Gastric Tumor Assisted Chemotherapy (ARTER)2 trial compared the prognostics of treatment with two complementary chemotherapy options and a course of chemotherapy for patients with stage D2, Stage II or Stage III lymph node-positive gastric cancer.
in this trial, the subjects were randomly divided into three groups (1:1:1) and accepted: S-1 (40-60 mg, oral, 2 times/day, with 4 weeks/stop 2 weeks) for 1 Year; S-1 (with 2 weeks/stop 1 week) and O'Sullivan platinum (130 mg/m2, 1 time/3 weeks, SOX) for 6 months; SOX plus radiotherapy (45Gy, SOXRT).
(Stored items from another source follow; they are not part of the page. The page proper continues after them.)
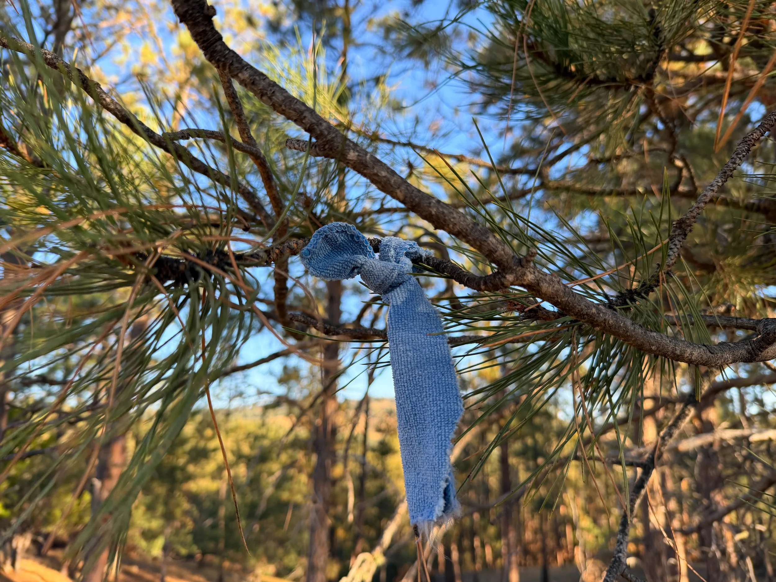 These are prayer bundles, and they can commonly be seen on the Ponderosa Pines and Aspens throughout Devils Tower.
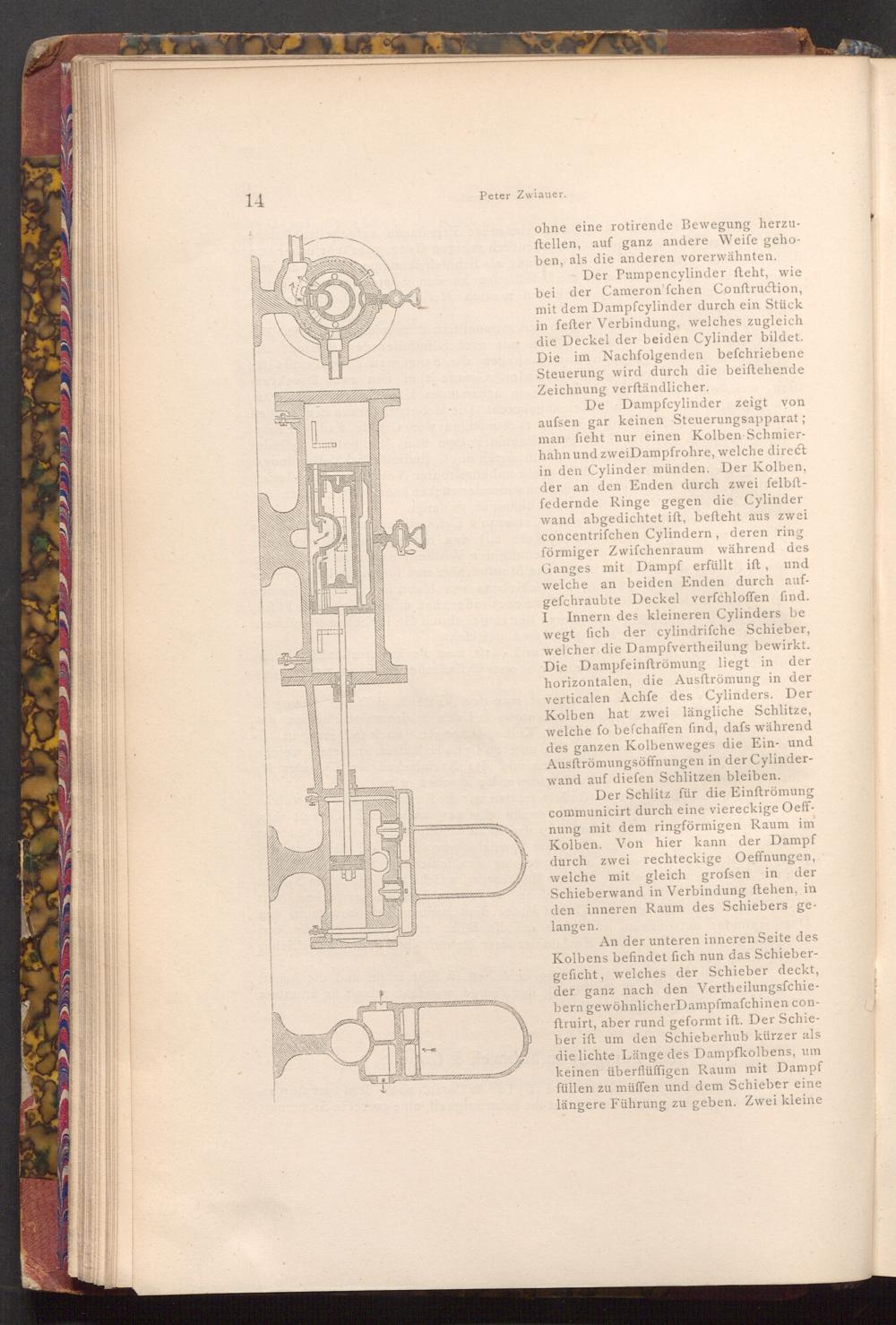 Der Pumpen cylinder fteht, wie bei der Cameron'fchen Conftruction, mit dem Dampfcylinder durch ein Stück in fefter Verbindung, welches zugleich die Deckel der beiden Cylinder bildet. Die im Nachfolgenden befchriebene Steuerung wird durch die beiftehende Zeichnung verftändlicher.
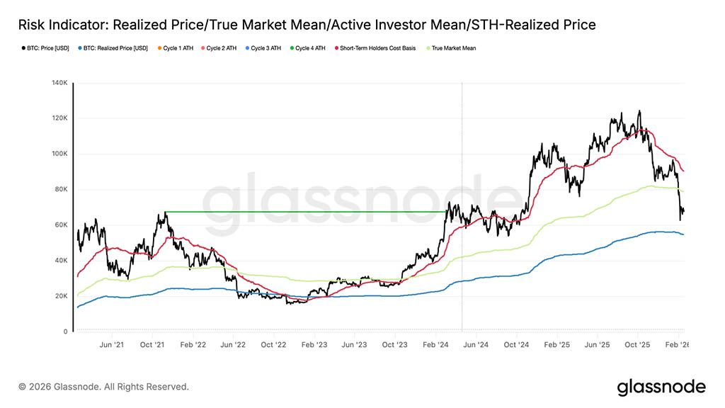 Биткоин по-прежнему находится в структурно определенном коридоре между истинным рыночным средним значением около $79000 и реализованной ценой около $54900. Пробой ниже активной себестоимости сместил режим в сторону жесткой защиты, и теперь цена полагается на кластер спроса в диапазоне $60000–$69000 для поглощения постоянного давления со стороны продавцов. Хотя эта зона пока сдерживает нисходящий импульс, уверенность остается хрупкой.
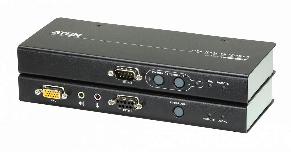 Удлинитель, KVM USB+AUDIO+RS232, 1920х1200 до 30м, 1600х1200 до 150м, 1280х1024 до 200м, 1xUTP Cat5e, c KVM-шнуром USB, 2xБП DC 5.3В/670мА, 0…+50°C, 202x81x25мм.

are layered according to the type of surgery (full or secondary total gastric excision), pathological station (II or III), and Lauren histological classification (diffuse or intestinal/mixed).
end of the disease is 3 years disease-free survival (DFS), and a 33% reduction in the risk ratio (HR) of SOX or SOXRT treatment to DFS is considered clinically significant compared to S-1.
February 2013-January 2018, 546 patients were recruited, with 182, 181 and 183 patients in the S-1, SOX and SOXRT groups, respectively.
followed for 47 months and observed 178 DFS events.
3-year disease-free survival rates in the S-1, SOX and SOXRT groups were estimated at 64.8%, 74.3% and 72.8%, respectively.
control group (S-1) DFS HR is shorter than SOX group and SOXRT group: S-1 group vs SOX group is 0.692 (P-0.042), S-1 group vs SOXRT group is 0.724 (P-0.074).
the DFS differences between the SOX group and the SOXRT group are not statistically significant (HR 0.971, P=0.879).
adverse reactions in all groups of patients were expected and generally well-toned and controlled.
SOX or SOX/RT-assisted therapy can effectively extend DFS compared to S-1 single therapy in GC patients with D2 excision, stage II/III, and positive lymph nodes.
addition of radiotherapy to the SOX programme did not further significantly reduce the recurrence rate of patients after D2 gastric excision.